Foto: NU Online |
Demikian disampaikan aktivis Gusdurian Savic Ali pada diskusi terbatas yang bertema Optimalisasi Peran dan Sinergi Antarpemangku Kepentingan dalam Penanganan Ujaran Kebencian di Hotel Aryaduta Jakarta, Kamis (15/3) siang.
“Internet ini memang ruang terbuka. Kalau ada yang melakukan hate speech, lihat saja ideologinya. Afiliasi ideologi bisa menjelaskan juga kenapa seseorang melontarkan ujaran kebencian,” kata Savic dalam diskusi terbatas yang diikuti sedikitnya 30 peserta.
Savic Ali menambahkan bahwa pertarungan politik menyumbang besar angka penyebaran hoaks dan ujaran kebencian. Bahkan pelintiran kebencian juga digunakan oleh para elit politik untuk menjatuhkan lawannya.
“Kita bisa mengedukasi masyarakat. Tetapi kalau elit politiknya belum selesai, kita akan selalu kerepotan. Ini efek rivalitas politik,” kata Savic.

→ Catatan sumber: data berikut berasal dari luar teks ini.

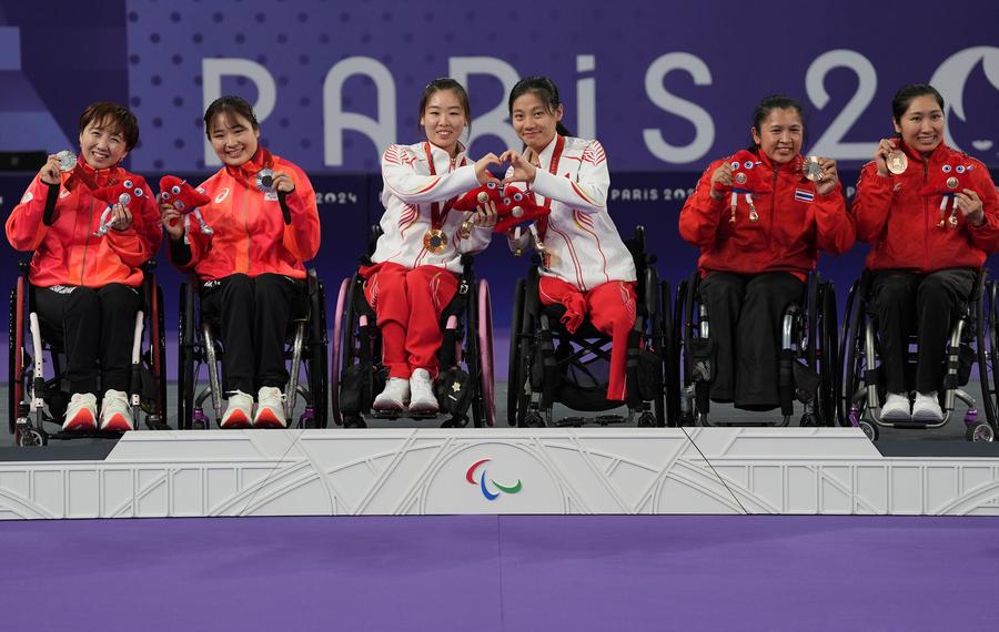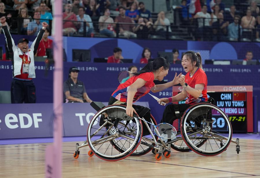 PARIS, Sept. 2 (Xinhua) -- "Every night when I lay in my bed, the same thought echoed in my mind -- I've trained so hard for the Games, and I have to win in Paris," Chinese shuttler Yin Menglu recalled after claiming the gold medal in the women's doubles WH1-WH2 with her partner, the Tokyo Paralympic champion Liu Yutong at the Paris Paralympics on Sunday.

Indonesia, kata Savic, lebih baik dari Amerika. Indonesia bahkan jauh lebih baik daripada negara-negara dengan penduduk Muslim lainnya. Rivalitas politik di Amerika bisa memproduksi hoaks dan hate speech luar biasa.
“Parahnya hoaks dan ujaran kebencian bisa mengantarkan seseorang menjadi Presiden Amerika yang sebenarnya bertentangan dengan American values (nilai-nilai demokrasi Amerika),” kata Savic.
Sedangkan faktor lain adalah motif ekonomi. Banyak media yang tidak memiliki reporter. Mereka hanya mempunyai dua atau tiga redaktur. Mereka ambil bahan berita dari sana-sini. Tapi produksi hoaks dan ujaran kebencian yang mereka produksi sangat menghasilkan. Hoaks, kata Savic, tidak selalu mengandung ujaran kebencian. Demikian juga sebaliknya.
Adapun terkait pasukan siber yang mengatasnamakan agama, ia tidak berkeberatan. Menurutnya, dalam koridor demokrasi keberadaan pasukan siber masih bisa dibenarkan.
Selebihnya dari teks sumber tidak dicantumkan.